History could be made tonight when six numbers are called out in the Mega Millions lottery, with the lucky winner pocketing an estimated $1.58 billion prize — the largest in that draw’s history.
Should someone win, they would have the option of cashing out for a $783.3-million lump sum or taking a 30-year annuity for the total prize.
The jackpot is the third largest in United States lottery history, surpassing the previous $1.537 billion total a South Carolina woman won in 2018. That anonymous person, however, took home a larger lump sum of $877.78 million. Last November, a California man won the largest jackpot, a Powerball draw worth $2 billion, with a ticket bought in Altadena; he claimed the prize in February.
Winners have up to one year to claim their prize.
Ticket purchases will be cut off at 7:45 p.m., ahead of the drawing at 8 p.m. The drawing will be streamed live on the Mega Millions YouTube page. The multi-jurisdictional lottery is offered in 45 states, the District of Columbia, and the U.S. Virgin Islands.

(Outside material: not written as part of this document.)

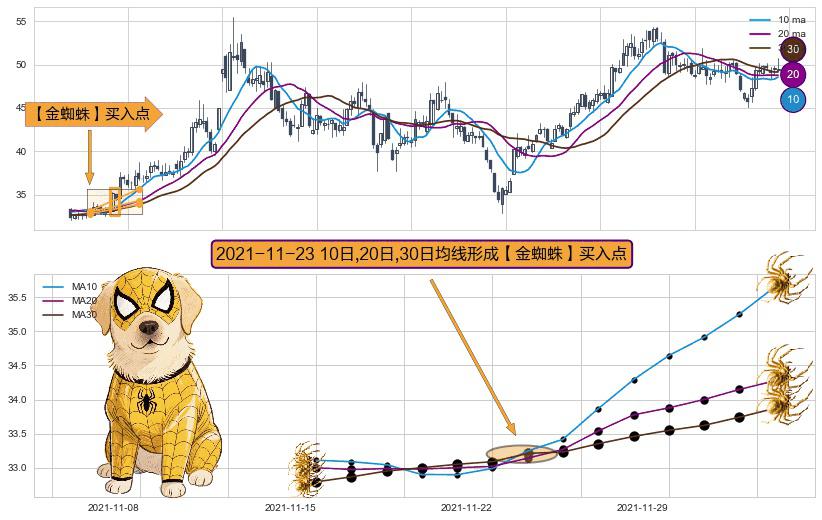 ⚀ 2021-11-23日显现 10日-20日-30日均线 【金蜘蛛】买入点 看多信号,后市看涨,买入

Tickets cost $2 each and winners must match five white balls numbered between 1 and 70, as well as one golden Mega ball numbered between 1 and 25. The odds of correctly selecting all six winning digits are roughly 1 in 302.6 million.
Carolyn Becker, California Lottery deputy director for public affairs and communications, said the odds are consistent since they’re derived from the total number of possible combinations drawn.
“Those odds don’t change no matter how high the jackpot or how many people play,” she said in a phone interview Tuesday. “More players means more people trying to get a piece of those odds.”
Globally, no jackpots have come close to the prizes offered in the United States.
European prizes do not compare. The Italian SuperEnalotto jackpot this February paid out a European record of 371.1 million euros, or roughly $396 million.
China’s biggest prize was given in June 2012, when a single winner claimed 570 million yuan, which was the equivalent of $89 million. The largest jackpot in Australia’s Oz Lotto was awarded in November 2012 and netted 111 million Australian dollars, which was equivalent to roughly $115.76 million. Brazil’s greatest Mega Sena national jackpot was won in December when five winners split 542 million Brazilian Real, which was then just over $102 million combined.
Today’s Mega Millions tally also dwarfs other gambling records.
An anonymous Los Angeles man claimed the largest Las Vegas slot machine payout in March 2003 when he cashed in on a jackpot of $39.71 million, according to Guinness World Records. The 25-year-old software engineer hit on a Megabucks slot machine at the Excalibur Hotel & Casino.
Iranian Antonio Esfandiari clinched the largest World Series of Poker prize in 2012, outlasting English player Sam Trickett for an $18.3-million purse.
Famed British gambler Harry Findlay bet approximately $227,000 in online bets to capture a roughly $3 million prize in May 2007, the largest horse-racing payout in history.
His countryman, Steve Whiteley, won a little less without wagering nearly as much. The then-60-year-old horse player correctly guessed on six straight winners in March 2011 and turned his roughly $3 bet into a total prize of nearly $2.4 million, the largest pool bet prize in horse racing history.